たばこ:疾患・死亡の原因のなかで予防できるもっとも大きな危険因子

新聞というのは背後の圧力で動いているのではないか?

数々の嘲笑をさそう毎日新聞社説などを見ると、そう感じしまうのだが・・・

産経新聞もJTの味方?
JTとしては、7月からのたばこ増税を4.7%の減収要因とするなど、“たばこ包囲網”に危機感を募らせている。 だが、厚労省は「数値目標は韓国のほか、米国、英国、フランスでも導入されている」(健康局)として、数値目標導入の姿勢を崩しておらず、JTとしては、厳しい状況が続きそうだ。(http://www.sankei.co.jp/news/060919/kei018.htm


タバコが、" the leading cause of preventable illness and death "(たばこ:疾患・死亡の原因のなかで予防できるもっとも大きな危険因子)(NIHコンファレンス2006年)ということをお忘れなのでは?

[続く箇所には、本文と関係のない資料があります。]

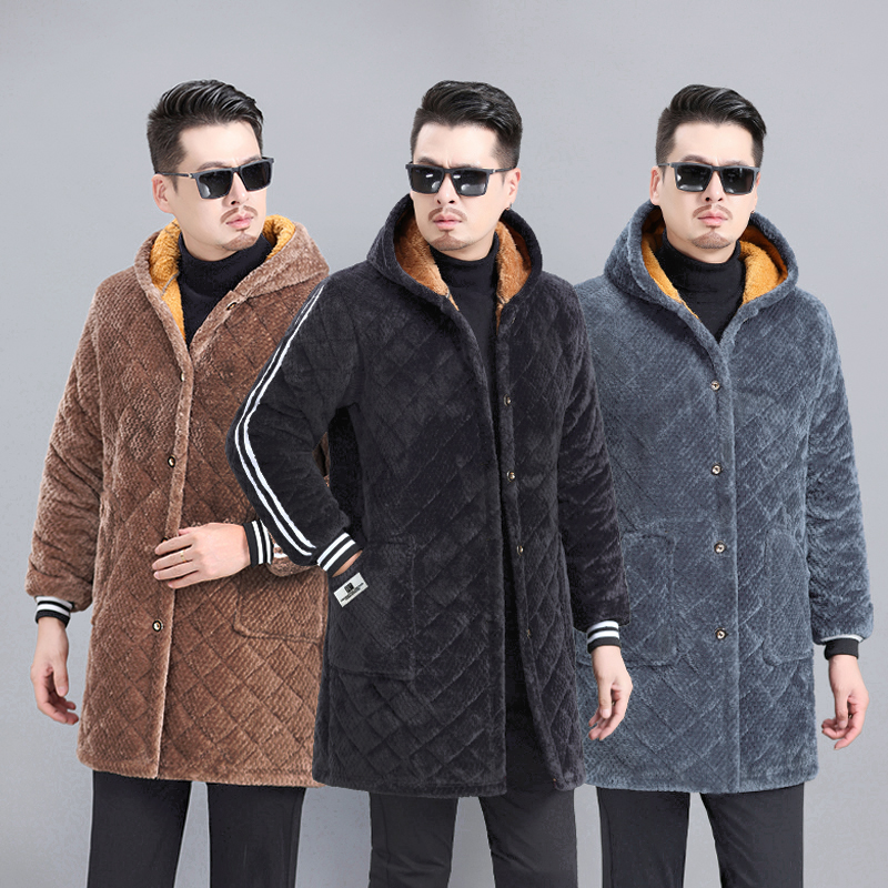 长款棉衣男加绒加厚翻大褂绒罩衣

"人口寄与危険率は,集団を対象にし,疾病と要因との間の一般的な関連性の程度を定量的に表現するために算出されたものであり,曝露群に属する特定個人の疾病原因を判定することを目的としたものではないから,それのみによって個人の疾病原因の判定をすることは本来的にできないものである"という司法判断(たばこ裁判:PDF)は、dose-response relationshipを無視するものであり、日本の司法判断の非科学性が証明された。情的な司法判断が横行することとあわせ、その司法の尊厳性は地に落ちている。

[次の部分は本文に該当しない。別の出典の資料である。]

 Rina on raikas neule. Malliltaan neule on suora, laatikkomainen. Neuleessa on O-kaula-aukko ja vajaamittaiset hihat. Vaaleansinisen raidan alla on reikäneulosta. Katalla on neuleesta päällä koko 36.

2006年6月NIH State-of-the-Science Statement on Tobacco Use: Prevention, Cessation and Controlなる集まりがあり、FINAL STATEMENTが12月のAnn Int Med.に掲載されるとのことで、そのearly releaseがウェブ上公表されている。

その中で、“Understand the role of different media in increasing consumer demand for and use of effective, individually oriented tobacco cessation treatments for diverse populations.”などというのが、メディアの役割と書かれている。日本のメディアはその役割を忘れ、JTという巨大産業や財務省側につくのを是としているのだろうか?

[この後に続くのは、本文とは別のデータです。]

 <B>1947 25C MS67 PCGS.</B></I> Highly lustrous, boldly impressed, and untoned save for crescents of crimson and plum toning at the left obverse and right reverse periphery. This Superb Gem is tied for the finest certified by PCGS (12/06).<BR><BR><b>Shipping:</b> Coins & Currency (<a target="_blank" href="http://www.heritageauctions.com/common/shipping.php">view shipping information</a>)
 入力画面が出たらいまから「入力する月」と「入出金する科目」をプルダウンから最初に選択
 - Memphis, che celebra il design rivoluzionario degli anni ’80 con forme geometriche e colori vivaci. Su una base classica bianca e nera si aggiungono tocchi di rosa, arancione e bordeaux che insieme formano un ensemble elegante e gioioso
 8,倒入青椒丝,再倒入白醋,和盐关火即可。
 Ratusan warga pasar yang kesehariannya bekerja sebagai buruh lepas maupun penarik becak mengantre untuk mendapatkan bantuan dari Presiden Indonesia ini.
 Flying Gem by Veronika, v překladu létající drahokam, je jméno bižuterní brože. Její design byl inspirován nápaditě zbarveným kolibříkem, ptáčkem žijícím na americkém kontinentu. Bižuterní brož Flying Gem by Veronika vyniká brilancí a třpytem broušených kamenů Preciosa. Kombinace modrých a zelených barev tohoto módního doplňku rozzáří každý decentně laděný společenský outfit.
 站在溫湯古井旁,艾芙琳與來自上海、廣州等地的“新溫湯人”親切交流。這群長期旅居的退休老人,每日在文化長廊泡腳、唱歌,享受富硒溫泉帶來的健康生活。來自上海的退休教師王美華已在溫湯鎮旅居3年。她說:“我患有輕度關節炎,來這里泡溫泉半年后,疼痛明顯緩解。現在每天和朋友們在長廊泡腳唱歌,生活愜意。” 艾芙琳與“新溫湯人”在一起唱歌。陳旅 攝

成人および特定の集団の禁煙介入戦略:システミック・レビュー
Systematic Review: Smoking Cessation Intervention Strategies for Adults and Adults in Special Populations
http://www.annals.org/cgi/content/full/0000605-200612050-00142v1
http://www.annals.org/cgi/data/0000605-200612050-00142v1/DC1/1

タバコ使用はUSにおいて予防可能な疾患・死亡原因の第一である。一度タバコ依存が生じると、止めることは困難。タバコ使用によるニコチン依存は長期間・一生涯、禁煙を維持するために妨げとなる。禁煙するための多数の試みがなされ、成功率を倍加、三倍化する助けなしに行われている。禁忌以外をのぞいてカウンセリングや行動療法を含めた禁煙戦略がなされたら、第一・第二の戦略として行われている。
特に、妊娠、禁煙関連疾患にて入院しているときに禁煙へのモチベーションの助けになるようである。多くの組み合わせの状態、精神、認知機能疾患、医学的状況下ではより感度の高い、特異性の高い戦略・サービスが求められる
NIHコンファレンスの背景として、システミックレビューをおこなったもの*self-help、カウンセリング、単剤、合剤、心理学的カウンセリングを伴う薬物療法
self-help単独では無効。カウンセリング+薬物療法は単独、組み合わせで禁煙試みの成功率アップ。効果の上でself-help materialにはdiscrepancyがある2つの研究がある。カウンセリング介入には混合した結果が示され、14の研究で薬物単剤、薬物併用、心理学的介入(±薬物療法)の十分な効果が示された。特定の住民に対するリーチ・治療方法の研究は少ない。

3つの研究で入院患者において臨床的診断が禁煙尤度に影響を与えるという強いエビデンスがないというレビューと一致した結果。合併する心理的状態・薬物乱用問題の患者に関する介入の有効性の新しいエビデンスは乏しい。